REALITY: Streaming is still as popular as ever and recent moves by big cable companies like Charter and Comcast
CMCSA
to roll out their own streaming devices and interfaces indicate that the industry is all-in on the move to streaming. Streaming is in a shake-out phase right now. There will be mergers, stumbles and repositioning. But it will become the primary delivery mechanism for TV and the current linear pay TV ecosystem will slowly but surely merge into the streaming ecosystem to create the viewing platform of the future. That said, no one ever actually believed that all nine multibillion dollar streaming services would become major successes without any sort of mergers of stumbles. In any new industry there is a winnowing period until there are two or three, maybe four big players left. That seems to be what the market will bear and streaming TV will not be any different.

MYTH: There are a lot of really bad shows on Netflix

REALITY: Okay, this one is true—there are a lot of really bad shows on Netflix.

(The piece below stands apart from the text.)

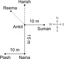 Six persons – Reema, Naina, Suman, Ankit, Harish and Plash, each having a different age were sitting on the different benches in a park situated at some distance from each other. No person was sitting in west of Reema, Ankit, and Harish. Oldest person was sitting 15 m north of Naina. Suman was sitting 10 m east of person Ankit. Youngest person was sitting northwest of Ankit. Ankit was sitting somewhere in between Harish and Naina vertically. Ankit was older than both Harish and Plash. Plash was third oldest person among all the persons and was 10 m west of third youngest person. Harish was younger than only one person.

The service got caught up in the volume game and figured that if they produced 150 shows each year and only 10% became hits, they’d have 15 hit shows on their hands. They forgot that people would be aware of the remaining 135 shows and that those series would show up in their recommendations and help to create the impression that much of what was on Netflix was pretty bad. Again, logic dictates that in any creative endeavor, volume is the enemy of quality, that there are only so many talented people out there capable of making great TV shows and that it’s all but impossible to nurture that sort of talent when you’ve activated an assembly-line-like production flow. Netflix, it seems, panicked when various networks and studios began taking back all their library content and set out to create a library of its own, but producing that many new originals all at once was not the right way to do so. Lesson learned.

We are still in the early days of streaming with a whole lot of shaking out and shaking up to do, especially as all the major U.S.-based services attempt to go global. The biggest unknown is programming: no matter how much data you throw at it, what will make a series a hit will forever be unquantifiable.

To use a favorite example: if in 2010, I had told you that a series set in a quasi-medieval world filled with wizards and dragons, with a cast of largely unknown European actors would be the decade’s biggest hit, you’d have been well justified to think I was crazy.

And that is what makes this industry so fascinating to cover.